It is the typical nature of markets and investment values to show modifications and changes daily. Sometimes, the dynamicity can be on an hourly basis too. Investors, by now, have understood the fact that these rapid changes and alterations are normal. Investors have experienced much turmoil by now. They have become confident that even after the bleakest of situations, things do change for the better. There always comes a time when the market situation recovers. This expectation is normal, and it turns true.
But the reason for the market crisis varies every time. Each time we face a new obstruction. The COVID-19 crisis is a relatively new phenomenon that is affecting the market nowadays. This time markets have crashed because of an external cause. If we talk about investment in Equities, there has always been a struggle between the growth opportunities and a plethora of risk factors. Hence, variability is typical to equity investment. It is the difference between periods of sharp falls and steep growth. Thus, when investors invest in Equity, we embrace volatility. Equity can offer us humongous returns only when there is a premium in return for the risk we take.
Investors often commit a grave mistake as they tend to believe that market risks can be associated with business, financial, or economic aspects across the globe. But the recent COVID-19 crisis is different. It has not arisen from these domains. It is an external cause altogether. In the years 2001 and 2008, markets bounced back quite easily. But 2020 is not going to be easy for market situations and investors. COVID-19 is creating havoc in all possible ways, and there's no hope of getting out of this situation any time soon.
It is impossible to predict the future. No one is sure as to what will happen in the future and for how long markets will bear the grunt of COVID-19. The virus is slowly engulfing the entire globe. Till now, we have witnessed the crashing of markets in a few countries. We have no idea where and when this destruction will stop. The consequences of the disease, as well as the impact of the shutdowns, is gradually coming up in front of the world. We are clueless regarding the aftermath of the rampant disease. You can imagine that the mighty Google has asked its 100,000 employees to work from home in the North American region. All employees will be carrying back their laptops to their home. Only a limited number of staff have to come to the office for specific tasks. But they too need to equip themselves with proper precautionary gear. All the tech companies are expected to follow the footsteps of Google super soon.

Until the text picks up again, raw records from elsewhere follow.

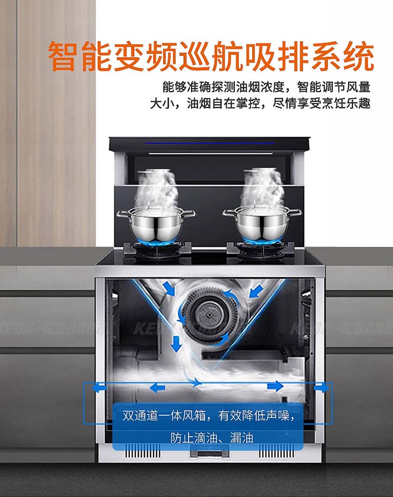 科恩D151X變頻大吸力集成灶功能實現(xiàn)多樣化,上炒下蒸烤能同時進行,蒸烤過程耗時短、效率高,噴氣式4D立體蒸技術保留了食物的原滋原味,采用智能變頻巡航吸排系統(tǒng),能夠準確探測油煙濃度,智能調節(jié)風量大小,油煙自在掌控,最大幅度減輕油煙排出的阻力和熱量,排油煙更通暢、更高效、更徹底,油煙吸凈率更高,讓油煙無處可逃。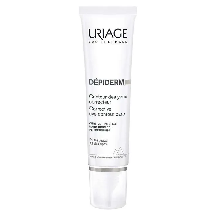 Le Dépiderm Contour des Yeux Correcteur d’Uriage est une formule ciblant les problématiques de pigmentation et de fatigue de la zone péri-orbitaire. L’**ascorbyl glucoside**, forme stable de la vitamine C, inhibe la synthèse de mélanine en bloquant l’activité de la tyrosinase, contribuant à atténuer les cernes pigmentaires et les taches. La **niacinamide** (vitamine B3) agit en complément en réduisant le transfert des mélanosomes vers les kératinocytes, tout en renforçant la barrière cutanée et en diminuant les rougeurs. Le **dipotassium glycyrrhizate**, dérivé de la réglisse, apporte une action anti-inflammatoire et dépigmentante douce. L’**extrait de Pisum sativum** (pois) cible la microcirculation locale pour atténuer les cernes vasculaires. Le **sodium dextran sulfate** soutient la tonicité vasculaire. La **biosaccharide gum-1** assure un effet filmogène et apaisant, tandis que le **squalane** et le **tocophéryl acétate** (vitamine E) apportent hydratation et protection antioxydante. La présence de **mica** et de **CI 77891** (dioxyde de titane) confère un effet optique correcteur immédiat. Ce soin convient aux peaux présentant des cernes mixtes (pigmentaires et vasculaires), des irrégularités de teint et des signes de fatigue autour des yeux, y compris les peaux sensibles.
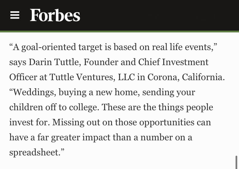 Today’s newsletter is an excerpt my quote in Forbes Magazine: Here’s The Only Retirement Risk That Really Matters To You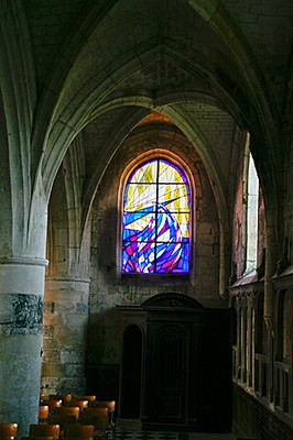Les cartons de ces vitraux ainsi que le travail de peinture sur verre (émaux et grisailles) ont été réalisés par Fleur Nabert, l’exécution ainsi que l’installation ont été confiés à l’atelier de Max Mezziane (Noyon) avec notamment le concours d’Emilie Marcadier.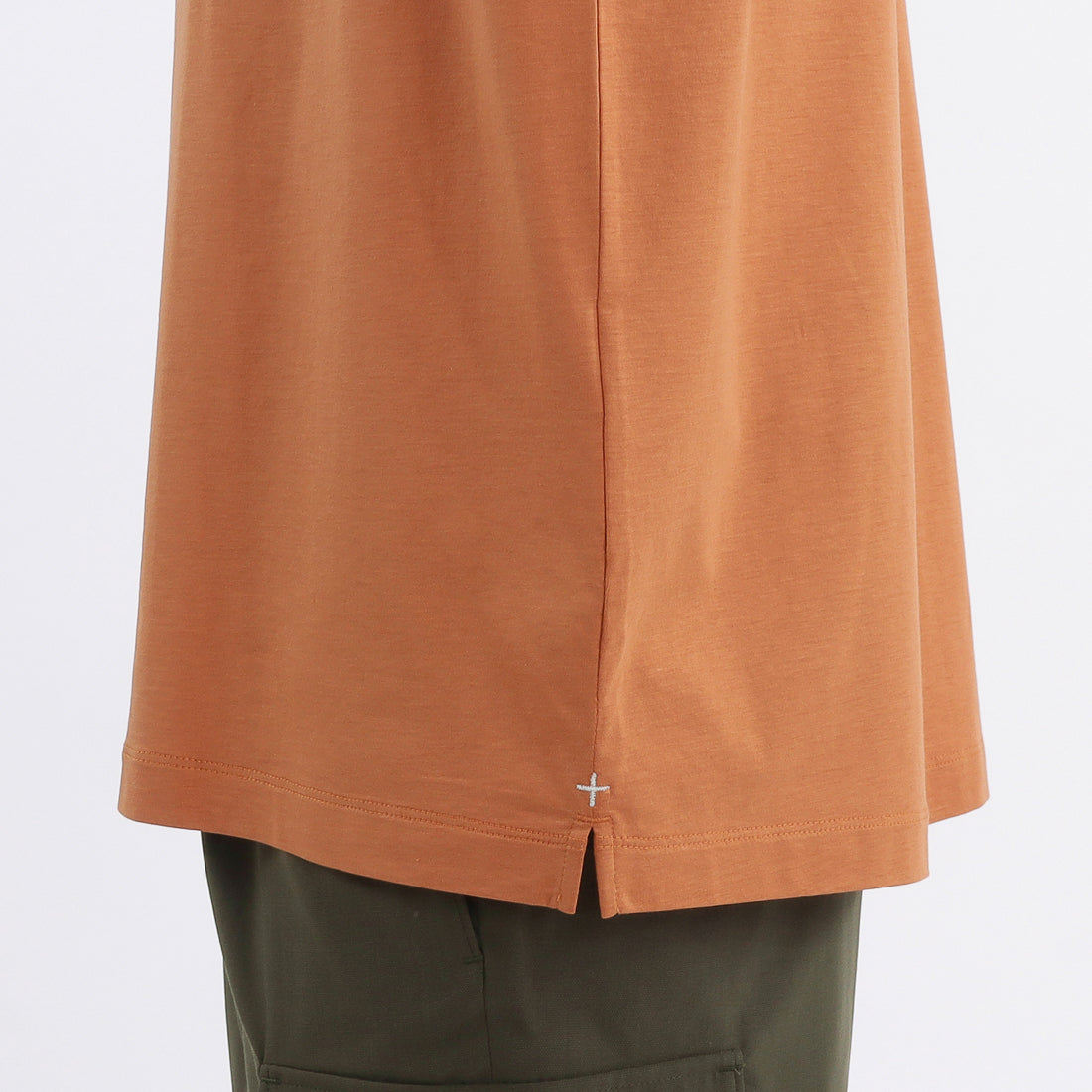 素晴らしい生地にも関わらず市場・環境の変化など様々な理由で使用されることのない生地。また、生産途上で発生する余剰生地。こうした生地に新たな価値を生み出し、お客様に喜びを提供すると同時にロスの削減を目指す。その想いを持ってスタートした「THE LIMITED EDITION」シリーズ。強撚糸による接触冷感性と、ビスコースレーヨンの持つドレープ感を兼ね備えた生地を使って、ブランド初のリンガーネックデザインに落とし込みました。

From when can these employees bounce back to their normal work life? No one knows. Can work from home be a trend? Perhaps yes. This forces us to think about the huge demand for office space and many more amenities. This will be too early to arrive at any conclusion. But the world is certainly shifting towards a mighty change. Now whether this change will be permanent or temporary, only time will tell.

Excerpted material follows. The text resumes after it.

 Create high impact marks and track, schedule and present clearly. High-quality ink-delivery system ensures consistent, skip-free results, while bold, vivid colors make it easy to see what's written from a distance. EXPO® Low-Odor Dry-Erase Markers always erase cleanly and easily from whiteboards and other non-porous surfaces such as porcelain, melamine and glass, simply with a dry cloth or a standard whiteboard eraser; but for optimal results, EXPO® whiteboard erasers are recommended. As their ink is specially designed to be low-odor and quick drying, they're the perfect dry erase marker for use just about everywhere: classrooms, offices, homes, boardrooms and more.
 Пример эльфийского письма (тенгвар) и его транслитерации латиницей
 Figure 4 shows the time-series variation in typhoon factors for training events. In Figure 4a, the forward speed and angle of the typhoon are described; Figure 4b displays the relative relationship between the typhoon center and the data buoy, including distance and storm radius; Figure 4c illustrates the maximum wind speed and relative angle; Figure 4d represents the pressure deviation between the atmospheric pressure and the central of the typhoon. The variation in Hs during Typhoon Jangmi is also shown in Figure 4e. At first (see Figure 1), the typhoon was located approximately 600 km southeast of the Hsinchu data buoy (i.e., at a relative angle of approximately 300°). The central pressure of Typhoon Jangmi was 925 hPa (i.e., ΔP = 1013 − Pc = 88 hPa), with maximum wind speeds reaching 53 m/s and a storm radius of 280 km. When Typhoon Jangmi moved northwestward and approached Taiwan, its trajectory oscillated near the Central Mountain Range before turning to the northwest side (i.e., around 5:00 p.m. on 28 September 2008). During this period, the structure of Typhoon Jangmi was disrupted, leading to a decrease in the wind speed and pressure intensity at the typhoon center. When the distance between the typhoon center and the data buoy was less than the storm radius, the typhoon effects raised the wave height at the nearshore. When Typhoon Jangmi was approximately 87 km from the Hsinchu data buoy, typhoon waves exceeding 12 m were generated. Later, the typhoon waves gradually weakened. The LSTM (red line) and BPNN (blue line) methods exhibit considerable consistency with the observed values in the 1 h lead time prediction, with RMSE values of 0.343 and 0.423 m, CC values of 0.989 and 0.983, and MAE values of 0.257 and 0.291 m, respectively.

We bring investors and savers, need to acknowledge the fact that this time the crisis is real and uncertain. We are coming across lots of predictions every day. Some are positive, while others are incredibly pessimistic. It depends upon us which side to take. But taking sides will be wrong. The truth is that no one, I repeat, no one knows the actual truth. Being realistic is the best thing that we can do.

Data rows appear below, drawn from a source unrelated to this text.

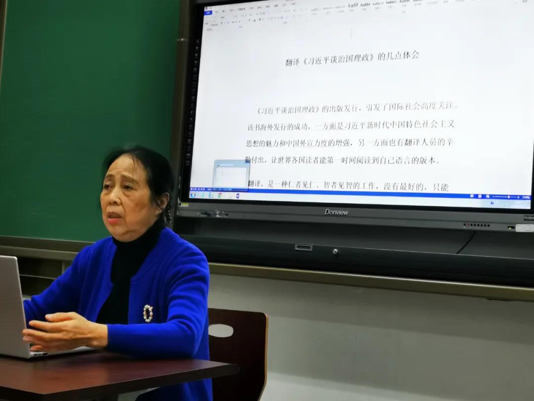 王复老师从《习近平谈治国理政》的题目翻译出发,从词语的选择以小见大,提出要在翻译中强化中国表达,提升中国话语权。例如,“中国梦”这个看似简单的词组,为什么应选择使用正偏组合,王复老师解释说,中国梦是中国人自己的梦想,是要实现中华民族伟大复兴,使用正偏组合表达更清晰,不会引起歧义。此外,王复老师还对“中国特色社会主义道路”“小康社会”“大国外交”“改革进行时”等中国特色词汇的翻译进行了细致讲解,其对翻译一丝不苟的态度令人肃然起敬。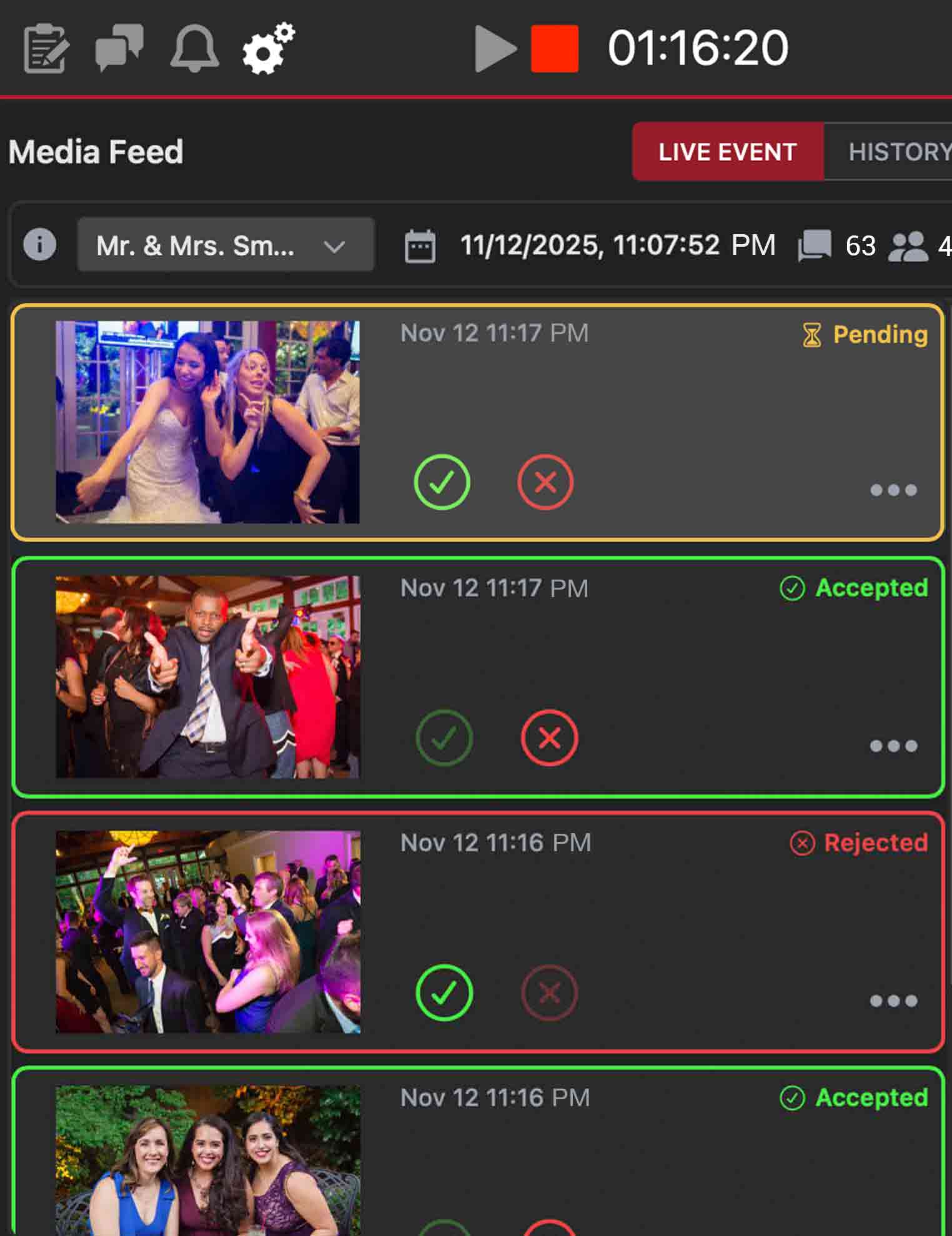 Click the green checkmark to approve a images to be viewable in the gallery & on the media wall display screen. The media will turn green indicating that it is now approved for display. Click the red X to reject messages from being seen. The message will turn red, indicating that it will not be viewable in the gallery & on the media wall. You can change the status of a message at any time. If you click approve by accident, simply highlight the message again and click the correct option.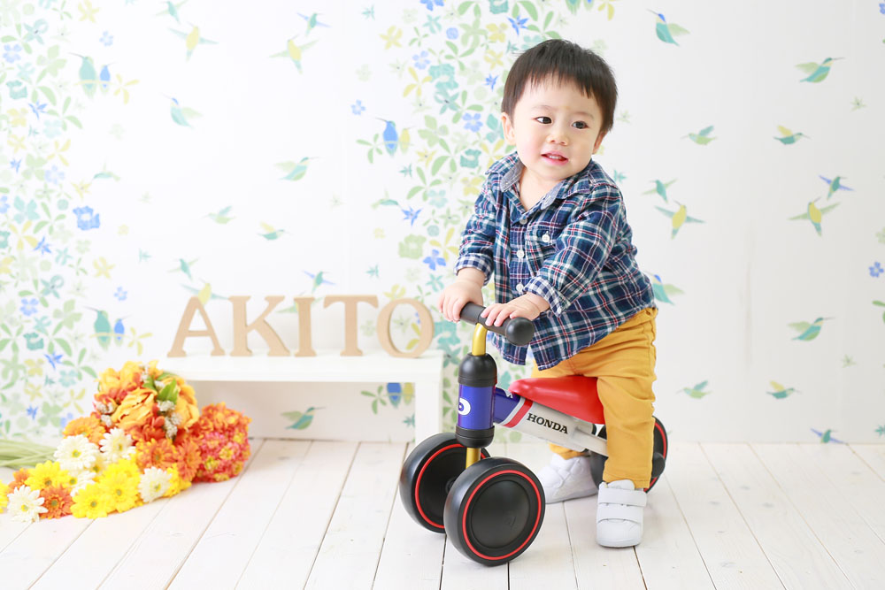 歩くのが大好きなあきとくん^^ スタジオ内をお散歩しながら いろんなおもちゃを見つけてくれました! お家からかっこいいバイクも持って来てくれて モデルさん上手にしてくれました! ママさん、パパさんご協力ありがとうございました!

We should not panic if possible. In this time of a grave crisis, all we need to remember is that despite this uncontrolled disease, people all across the globe are striving to live and make it every day. Although the lifestyle and other things are changing and getting modified, still economic activities are not going to stop. Also, bad times are always the best to reveal some good as well as bad in our lives. We will understand which investments are doing better and which investments are failing utterly. We will focus more on adhering strictly to the basics and making quality investments.